“娘的,舒坦!这天寒地冻的,就得吃这口热乎的!”郭天佑把肉咽下去,用手背抹了一把嘴角的油星,然后走到垛口前,抓起一把雪,随意地擦了擦手。
他的手刚放下,身后就传来了沉稳的脚步声。
郑毅穿着那件青灰色的棉袍,外面披了一件黑色的玄狐大氅。这大氅是韩无痕花重金从定州城买来的,水火不侵,但在郑毅身上,却穿出了一种教书先生披着蓑衣的清冷感。
韩无痕和柳长老紧紧跟在郑毅身后,韩无痕的手里还抱着一个精致的红泥小火炉,炉子上温着一壶黄酒。
“先生!”郭天佑和赵三槐立刻站直了身子,周围的士兵也齐刷刷地行注目礼。
郑毅摆了摆手,走到垛口前,目光穿过漫天的风雪,看向极远处的荒原。
“斥候有消息传回来吗?”郑毅淡淡地问道。
“回先生!”铁独眼从城楼的阴影里走了出来,他的鬼面具已经推到了头顶,独眼里闪烁着兴奋的光芒,“刚接到的飞鸽传书。青云山的疯狗,下山了!”
听到这话,城墙上的士兵们不仅没有害怕,反而发出了一阵压抑的低笑声,有几个人甚至开始摩拳擦掌,重新检查起重弩的绞盘。
“来了多少人?”郑毅的语气依然没有半点起伏。
“漫山遍野,看着跟闹蝗灾似的,起码得有两千来号人!”铁独眼咧开嘴,露出焦黄的牙齿,“不过先生,这帮仙人看着可惨了。没几个飞在天上的,全是用两条腿在雪地里蹚。咱们的斥候躲在雪窝子里,甚至能听见他们肚子咕咕叫的声音。”
“饿疯了。”郑毅点了点头,转过身,看向郭天佑,“天佑,警戒线那边,都布置好了吗?”

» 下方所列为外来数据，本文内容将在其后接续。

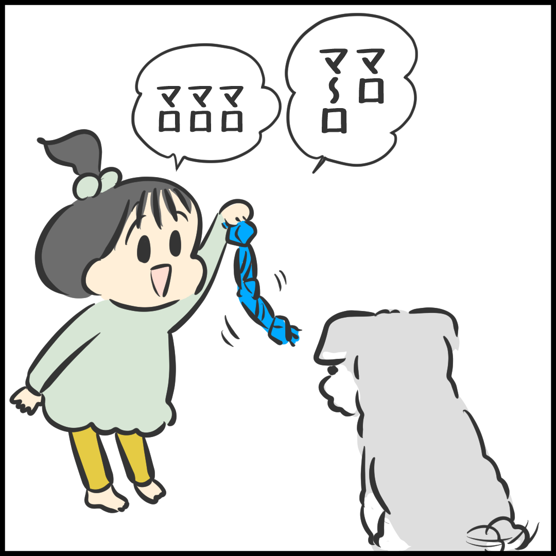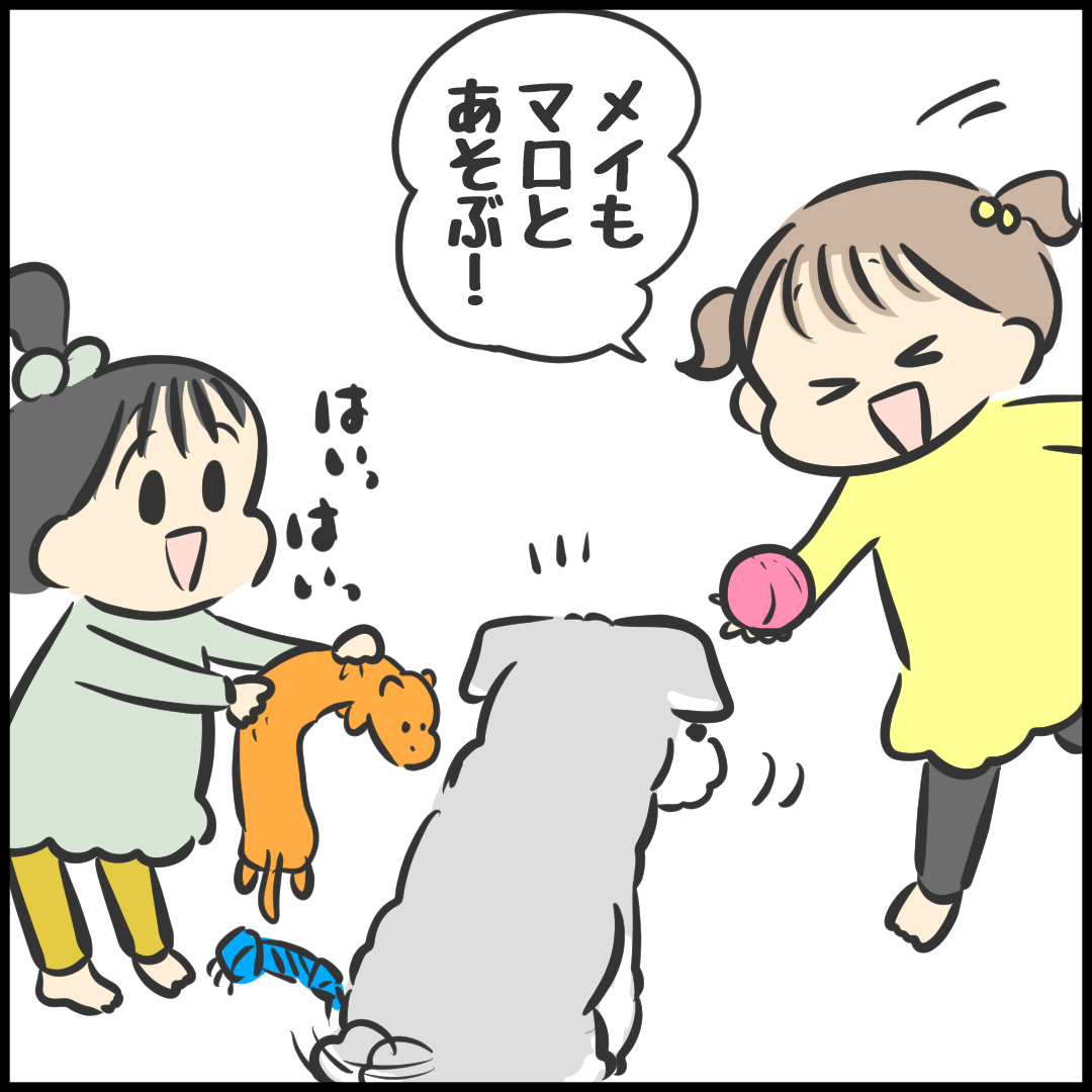 そして今度は犬のおもちゃで遊びたい姪っ子たちがマロにグイグイ行きだしたんだけど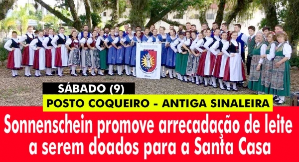 O Grupo de Danças Folclóricas Alemãs Sonnenschein promove neste sábado (9) arrecadação de leite que serão doados para a Santa Casa de São Lourenço do Sul.

“先生放心!”郭天佑一拍胸脯的铠甲,发出“砰”的一声闷响,“十里警戒线,地底下埋了三千颗‘地火雷’,全是用废弃的中品灵石渣子混合着火药和赤铜碎屑做出来的。只要沾着点真元波动,一炸一大片。保证让他们连咱们的城墙根都摸不着!”
“老柳。”郑毅看向柳长老,“护城大阵的情况如何?”
柳长老抚了抚胡须,有些肉疼但又无比自信地说道:“先生,五万块中品灵石已经全部填入阵眼。地下水脉和地火之脉已经和阵法完美融合。现在的鸿运城,别说两千个饿肚子的修士,就算是十个金丹巅峰的老怪联手轰击三天三夜,也休想打破这层防御!”
“好。”郑毅转过头,再次看向风雪深处。
“韩胖子,倒酒。”
韩无痕赶紧从红泥小炉上提下酒壶,在郑毅面前的白玉杯里倒满了一杯温热的黄酒。酒香瞬间在空气中弥漫开来。
郑毅端起酒杯,却没有喝,而是将酒杯平端在胸前。
“兄弟们。”郑毅的声音在真元的激荡下,清晰地传遍了整段南城墙。
所有的士兵都停止了手里的动作,挺直了腰板,眼神狂热地看着那个穿着青灰棉袍的背影。
“三个月前,他们高高在上,视我们如蝼蚁。他们觉得,定州这片土地上的风往哪吹,雨往哪下,都得由他们说了算。”
郑毅的声音不大,但字字如刀,刻进每个人的心里。
“他们断我们的路,杀我们的商队,甚至想用软刀子把我们困死在这座城里。”
郑毅端着酒杯的手微微用力,指关节泛白。
“但今天,他们像一群野狗一样,饿着肚子,在雪地里爬向我们。他们想抢我们的肉,喝我们的汤。”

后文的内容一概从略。